My first thought about this book was “what’s up with that title? It makes no sense!”

 

My last thought when I was finishing the book was “oh, now I get it! The title is makes sense now!”, and then a few pages later “oh.Now I really get it. Oh my.”  An unplanned coincidence that I read that last story on the day before Passover.

 

Ok, now for all the tasty middle bits:

 

The History of Soul 2065 is a mosaic novel.  What’s a mosaic novel you ask? Mosaic novels are strange and wonderful volumes that  usually involve interconnected short stories or vignettes, they can have location and time-jumps, a character who is a child in one story may be a grandparent in another, someone who seems so important in one story may never show up again. Like most mosaic novels, many of the stores in The History of Soul 2065 appeared previously in other magazines and anthologies (such as Mythic Delirium magazine, Clockwork Phoenix, Lady Churchill’s Rosebud Wristlet, Weird Tales, and Apex Magazine, among others), with a handful that were original to this novel. Some older stories have been slightly reworked to better fit into the chronology.

 

Reading The History of Soul 2065 is like looking through a photo album – and when you touch someone’s photo, you get pulled into what they were going through at the moment the photo was taken.  Maybe when that photo was taken they were happy, maybe they were sad, maybe they were missing someone, maybe they had just helped someone. Krasnoff gilds the stories with magical realism, superstitions, and a few things you’ve just got to take on faith, and while she presents the family’s story in sort of chronological order in a healthy mix of longer stories and flash fiction length pieces,  what she’s actually doing is telling a far more important story, and magically telling it backwards.

 

And yes, if you didn’t pick up in from the cover art, this is a very Jewish book. The two families involved in the stories are Jewish, there are constant cultural and religious references, historical references, faded numbers on arms. There are references to specific Jewish prayers, and these things are not explained in the text.  As a Jew, I knew what they meant, non-Jews may not get the references (and that’s OK! That’s what Google is for). I want to buy a copy of this book for my synagogue’s library. If you’ve never met someone who is Jewish, I can’t think of a better introduction to the Jewish culture than this book.

 

Many of my favorite stories were the ones that made my cry.  Is that weird? Here are a few of my favorites, only some of which made me cry:

 

I came across “Sabbath Wine” in a Clockwork Phoenix anthology, are stories this beautiful supposed to make you cry so much? I was overjoyed to see that story as one of the openers in this novel, that I read it, cried a ton, and then I was trying to explain the plot of the story to my husband and was just a cry-y, snotty mess.  It’s a story of two kids who become unlikely friends, and the friendship that their fathers forge. It’s a harsh reminder of fractured Jewish communities can become, how cruel we can be to each other, and the unexpected oddness of finding you have something in common with a stranger.

 

“Hearts and Minds” didn’t make me cry, but it could have.  And we get introduced to Ben! I have such a soft spot for him, but what’s he doing in this story, playing cards with all these old people? If you ever want to know what my favorite kind of story telling twist is, it’s the one at the end of this story.
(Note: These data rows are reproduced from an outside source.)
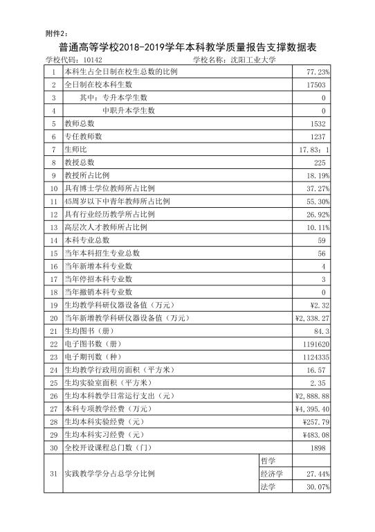 2018-2019学年本科教学质量报告支撑数据表
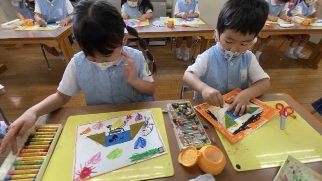 クレパスで好きな様に描いていきます!
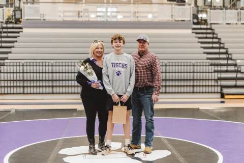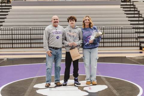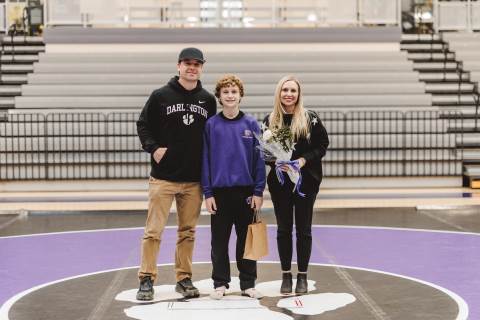 Eighth-grade members of the middle school wrestling team are honored before. the varsity meet.
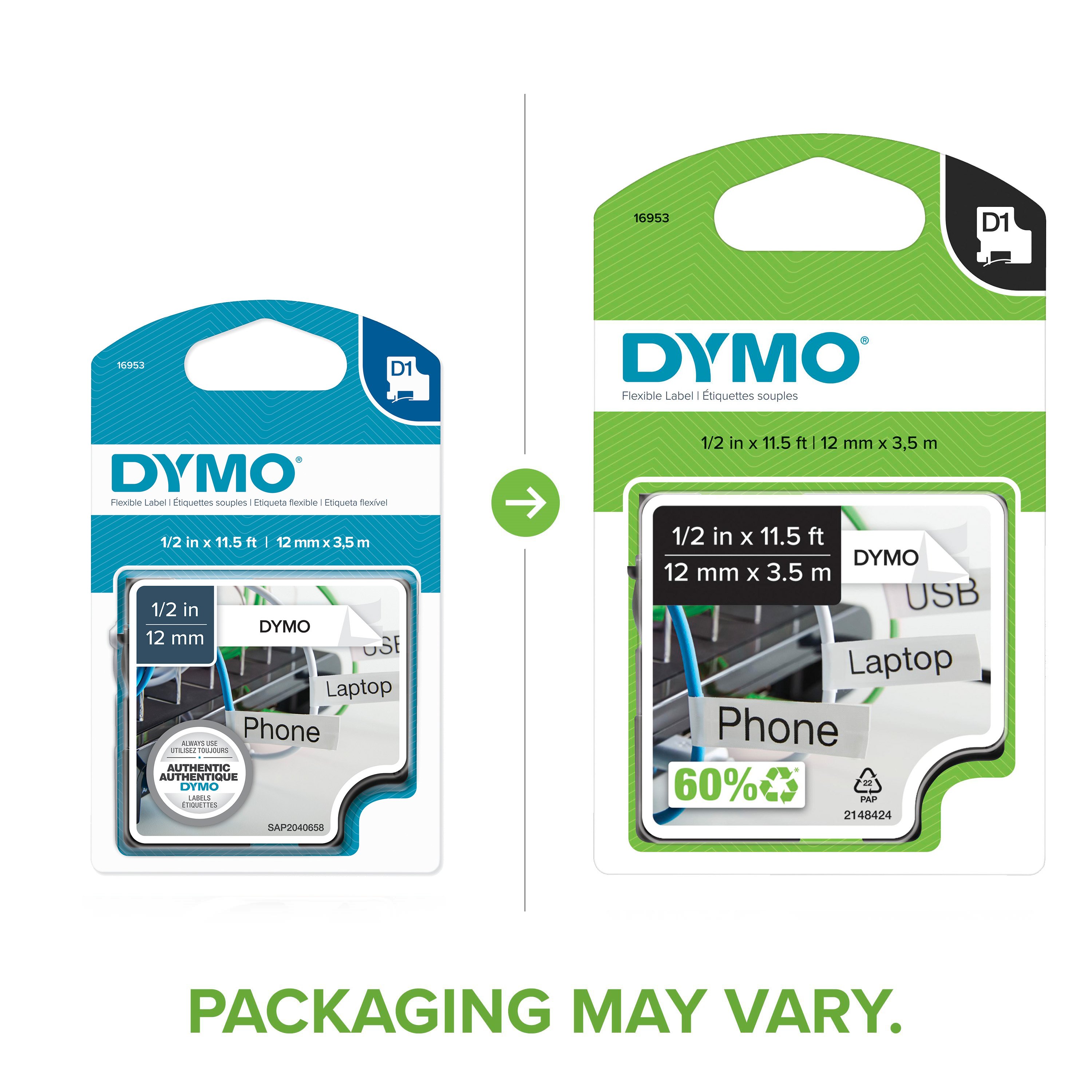 يعد شريط صانع الملصقات المرن من النايلون DYMO D1 مثاليًا لتغليف الأسلاك والكابلات. إنها مقاومة للذاكرة، لذا فهي تلتف بسهولة حول الأسطح المنحنية وتبقى على هذا النحو. يحتوي شريط صانع الملصقات DYMO باللونين الأسود والأبيض أيضًا على دعامة لاصقة تلتصق في البقع الزيتية المتسخة. تم تصميم لفة الملصقات هذه خصيصًا للاستخدام مع صانعي ملصقات DYMO، بمقاس 1/2 بوصة × 11 1/2 بوصة.

Taking place in a theater, “In The Gingerbread House” has a strong hit of magical realism (and isn’t a theater exactly where magical realism should occur??), and a hint of what’s to come.  Isabeau is given a completely non-magical charm as a distraction. Her brother tells her if she listens closely, it will tell her stories. Is it theater? Is it magic? Is a little girl playing a game of pretend?  But the stories the charm tells her, these are the things that will save her life.

 

You need to read these in order, so when you get to “Under The Bay Court Tree”, you’ll have heard of Ben, but you won’t quite know who he is yet. So call this an edge-of-Ben story maybe?  Carlos has moved to a new apartment neighborhood, it seems like him moving to this neighborhood was just meant to be! He’s slowly getting to know the neighbors, and the guy who lives next to him is especially obnoxious. And there is this group of older ladies who seem really odd  . . .

 

“Escape Route”  is a flash fiction piece, and what I love about flash fiction is that by design the characters have to make decisions really fast. Julie has been waiting her entire life for the right moment, will she know it when it comes along?  Maybe it’s not the exact moment that’s important, what’s important is how much you need it to happen, and need it to happen right now.

 

Does Rachel think her mom and aunt are witches?  In “Sofia’s Legacy” they give Rachel an uncanny experience that goes far beyond magical realism and fantasy.  By the time you get to this story, different families are being pulled towards one another. Rachel is seeing the larger picture, the overarching storyline.  But she’s a tree, she can’t see the forest.

 

The History of Soul 2065 is  so many things. It’s a journey through the histories and dreams of two families, it’s a magical realism way of finding hope when you feel lost, it’s historical fantasy, it’s far future science fiction. Characters are gently soothed, while their parents face inescapable harshness and pain.  As a whole, it feels meta, in the wibbly wobbly timey wimey way that Krasnoff plays with chronology, having time and actions go both forward and backward, and affecting characters in the past and the future.

 

If you enjoy quiet passionate stories that reward the reader, this book is for you.  I received and advanced reading copy, and was reading this while I was getting ready for Passover. I’d like selections of this book to become an annual Passover tradition for me. Maybe one year I’ll just read Sofia stories, or just read Ben stories, and I’ll time it right so that I’m reading that very last, very important story, the night of the Seder.

 

You can read a lot of these stories online, but I actually don’t recommend doing so until after you’ve read The History of Soul 2065.  If you read them online, first of all you won’t get all of them, and second of all you won’t get them in the right chronology, and then magic of the whole just won’t be there.   But, after you’ve read this book, and given it to a friend to read and insisted that it’s such a good book that they keep it, those online versions will be there waiting for you. (or maybe you should just get two copies? One for you and one for your friend)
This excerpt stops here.